Riquadro 6: L’albero della valutazione
4. IL QUADRO SUI SERVIZI SOCIALI E LO STATO DELL’ARTE DEL WELFARE SOCIO-SANITARIO ATTUALE IN ITALIA
4.1 Dal centralismo sociale al federalismo solidale
4.1.3 Terzo settore e partecipazione
L’ ex Agenzia per il Terzo Settore (oggi Ministero del lavoro e delle politiche sociali) ha pubblicato nel 2011 il documento “Linee guida sulla definizione di criteri e di modelli per la partecipazione
del terzo settore alla determinazione delle politiche pubbliche a livello locale”.
«Le […] linee guida, che trovano nel livello locale l’ambito preferenziale di riferimento per la loro applicazione, hanno la finalità di dettare principi che possano indirizzare e sviluppare le pratiche partecipative presenti o in via di sperimentazione sul territorio.
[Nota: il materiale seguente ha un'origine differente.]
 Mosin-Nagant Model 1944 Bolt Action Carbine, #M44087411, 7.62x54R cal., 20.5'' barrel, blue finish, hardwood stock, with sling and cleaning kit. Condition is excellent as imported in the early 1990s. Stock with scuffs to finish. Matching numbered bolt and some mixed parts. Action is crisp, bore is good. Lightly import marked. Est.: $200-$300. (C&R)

Lo scopo è quello di declinare al meglio il tema della responsabilità delle decisioni pubbliche che si vanno ad assumere e di promuovere e rafforzare le forme attraverso cui liberamente si articola la società civile, aiutandola nell’interlocuzione con le istituzioni pubbliche per superare pratiche non inclusive o di chiusura»
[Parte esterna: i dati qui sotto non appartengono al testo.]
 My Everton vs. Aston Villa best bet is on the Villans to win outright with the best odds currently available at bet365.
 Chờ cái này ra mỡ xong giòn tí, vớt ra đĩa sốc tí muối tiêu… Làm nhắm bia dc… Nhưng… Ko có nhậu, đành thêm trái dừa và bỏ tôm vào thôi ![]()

[www. http://www.lavoro.gov.it/AreaSociale/AgenziaTerzoSettore/LineeGuida/Pages/default.aspx]. Il tema è di grande rilevanza visti i molteplici ambiti nei quali il ruolo del Terzo settore interagisce e tenendo conto dei vari momenti di confronto con le amministrazioni che esso ha. Il tema richiama da vicino meccanismi già sperimentati a proposito della partecipazione della società civile ai processi decisionali europei, lasciando emergere la difficoltà di stabilire un confine tra la libertà di
autodeterminazione del Terzo settore e la volontà regolatrice delle istituzioni coinvolte.
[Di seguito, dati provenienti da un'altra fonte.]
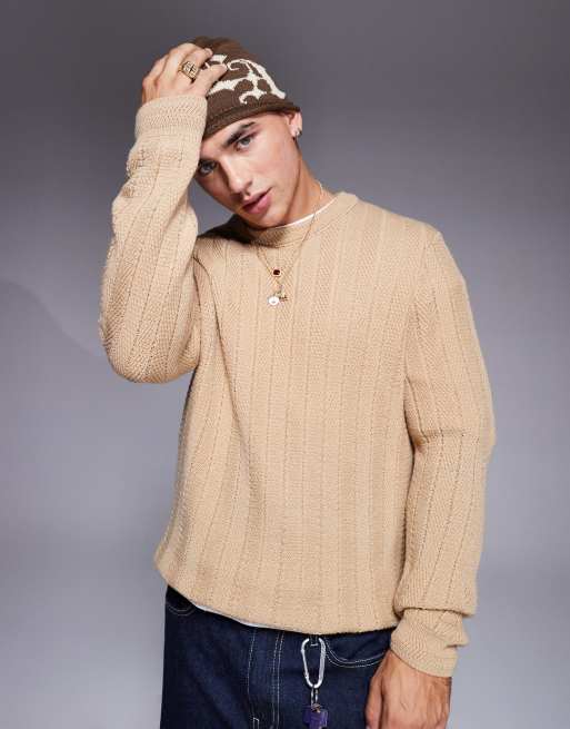 Jersey color piedra de punto acanalado en contraste de ASOS DESIGN

Il documento definisce il Terzo settore come «una delle più chiare espressioni delle capacità auto- organizzative della società» [Agenzia per il terzo settore, 2011: 5], riconoscendone altresì la legittima aspirazione a partecipare alla definizione delle politiche pubbliche. Ciò ha dato luogo ad una serie di esperimenti in cui diversi soggetti hanno iniziato ad interloquire con le istituzioni pubbliche al di fuori di un sistema condiviso di regole. È infatti fondamentale definire la natura di tale partecipazione, stabilendo una netta distinzione tra i livelli di partecipazione [cfr cap. 2]. A seconda dei livelli di partecipazione, si pongono infatti questioni di legittimità e rappresentatività dei soggetti coinvolti, nonché di verifica delle reali possibilità di incidere sui processi decisionali. I principi guida che dovrebbero definire i processi partecipativi sono rintracciati nel testo costituzionale e in particolare nel principio di solidarietà, sancito dall’art. 2, nel principio di uguaglianza sia nella sua dimensione formale che sostanziale, legata all’impegno della Repubblica a rimuovere eventuali ostacoli che potrebbero impedire “il pieno sviluppo della persona umana e l’effettiva partecipazione di tutti i lavoratori all’organizzazione politica, economica e sociale del Paese”.
Richiamando il principio di sussidiarietà orizzontale, descritto nel paragrafo precedente, il documento afferma che «un principio di particolare rilevanza che apre a sviluppi al momento
ancora inesplorati e che interroga il tema della partecipazione del Terzo settore ponendo gli enti che lo costituiscono sullo stesso piano di altri soggetti privati: il riferimento alla autonoma iniziativa dei cittadini, singoli e associati consente ed impone infatti una lettura indifferenziata della molteplicità di soggetti potenzialmente coinvolti, all’interno della quale il terzo settore deve essere riconosciuto con una propria specificità» [Agenzia per il terzo settore, 2011: 8] Sembrerebbe
quasi che la legge, nella descrizione del principio di sussidiarietà, equipari la posizione del Terzo settore al ruolo delle istituzioni pubbliche nella definizione dell’interesse generale. Questo può essere secondo alcuni molto discutibile: le istituzioni pubbliche sono democratiche, cioè rappresentative di tutti i cittadini; di converso, un soggetto del terzo settore non avrebbe le caratteristiche democratiche e quindi rappresentative della cittadinanza, ma solo di un settore ben specifico. Tutto ciò è dimostrabile dal fatto che, molto spesso, le associazioni nascono su un tema specifico (soprattutto in sanità): associazione somatizzati, malattie rare, disabili psichici ecc; quindi non potrebbero stare alla pari.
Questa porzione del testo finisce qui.